## [About this task]
From the line with "例如,当我单击**英语(印度" through the line with "岐阜横山鞄のランドセルです。", inclusive, return each line of the data below exactly and leave the rest out.

## [Entries provided]
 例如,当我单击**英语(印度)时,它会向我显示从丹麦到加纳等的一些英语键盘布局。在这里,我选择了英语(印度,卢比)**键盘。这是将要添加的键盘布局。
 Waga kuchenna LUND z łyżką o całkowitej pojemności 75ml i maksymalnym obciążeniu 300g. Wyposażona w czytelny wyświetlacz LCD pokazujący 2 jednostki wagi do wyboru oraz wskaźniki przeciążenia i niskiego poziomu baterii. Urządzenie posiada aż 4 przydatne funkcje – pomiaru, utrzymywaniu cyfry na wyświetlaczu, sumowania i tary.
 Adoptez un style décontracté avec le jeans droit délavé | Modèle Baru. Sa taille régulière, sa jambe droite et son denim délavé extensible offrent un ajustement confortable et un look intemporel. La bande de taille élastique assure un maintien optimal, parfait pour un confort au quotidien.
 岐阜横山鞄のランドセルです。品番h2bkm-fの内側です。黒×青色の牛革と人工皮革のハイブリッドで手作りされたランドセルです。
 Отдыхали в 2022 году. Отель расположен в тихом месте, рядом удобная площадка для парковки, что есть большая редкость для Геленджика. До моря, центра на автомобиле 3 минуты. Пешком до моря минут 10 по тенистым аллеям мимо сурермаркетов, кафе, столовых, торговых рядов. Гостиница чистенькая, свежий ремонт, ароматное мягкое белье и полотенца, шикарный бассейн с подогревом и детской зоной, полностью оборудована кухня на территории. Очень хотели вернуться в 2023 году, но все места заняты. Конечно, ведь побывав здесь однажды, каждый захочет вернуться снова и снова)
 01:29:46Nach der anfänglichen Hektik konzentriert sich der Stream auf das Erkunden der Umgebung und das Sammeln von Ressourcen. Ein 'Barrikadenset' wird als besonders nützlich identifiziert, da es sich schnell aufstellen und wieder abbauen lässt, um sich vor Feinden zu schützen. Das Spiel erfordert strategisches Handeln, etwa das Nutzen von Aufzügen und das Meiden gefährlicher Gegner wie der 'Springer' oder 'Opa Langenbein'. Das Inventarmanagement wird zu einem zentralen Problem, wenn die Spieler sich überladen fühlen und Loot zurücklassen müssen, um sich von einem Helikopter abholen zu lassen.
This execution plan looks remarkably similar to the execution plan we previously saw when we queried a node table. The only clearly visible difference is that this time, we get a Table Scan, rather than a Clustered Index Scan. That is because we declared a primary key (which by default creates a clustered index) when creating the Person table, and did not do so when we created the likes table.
* * *
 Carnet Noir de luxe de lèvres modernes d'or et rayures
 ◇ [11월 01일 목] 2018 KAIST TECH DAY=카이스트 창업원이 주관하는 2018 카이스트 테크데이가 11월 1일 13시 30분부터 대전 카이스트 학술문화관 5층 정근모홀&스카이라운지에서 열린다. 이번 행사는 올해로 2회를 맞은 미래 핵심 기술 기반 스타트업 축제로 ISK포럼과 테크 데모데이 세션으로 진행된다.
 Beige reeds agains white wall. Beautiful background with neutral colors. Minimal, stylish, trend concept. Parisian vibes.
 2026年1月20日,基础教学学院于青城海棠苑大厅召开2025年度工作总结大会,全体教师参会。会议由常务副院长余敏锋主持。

## [Solution for this task]
 例如,当我单击**英语(印度)时,它会向我显示从丹麦到加纳等的一些英语键盘布局。在这里,我选择了英语(印度,卢比)**键盘。这是将要添加的键盘布局。
 Waga kuchenna LUND z łyżką o całkowitej pojemności 75ml i maksymalnym obciążeniu 300g. Wyposażona w czytelny wyświetlacz LCD pokazujący 2 jednostki wagi do wyboru oraz wskaźniki przeciążenia i niskiego poziomu baterii. Urządzenie posiada aż 4 przydatne funkcje – pomiaru, utrzymywaniu cyfry na wyświetlaczu, sumowania i tary.
 Adoptez un style décontracté avec le jeans droit délavé | Modèle Baru. Sa taille régulière, sa jambe droite et son denim délavé extensible offrent un ajustement confortable et un look intemporel. La bande de taille élastique assure un maintien optimal, parfait pour un confort au quotidien.
 岐阜横山鞄のランドセルです。品番h2bkm-fの内側です。黒×青色の牛革と人工皮革のハイブリッドで手作りされたランドセルです。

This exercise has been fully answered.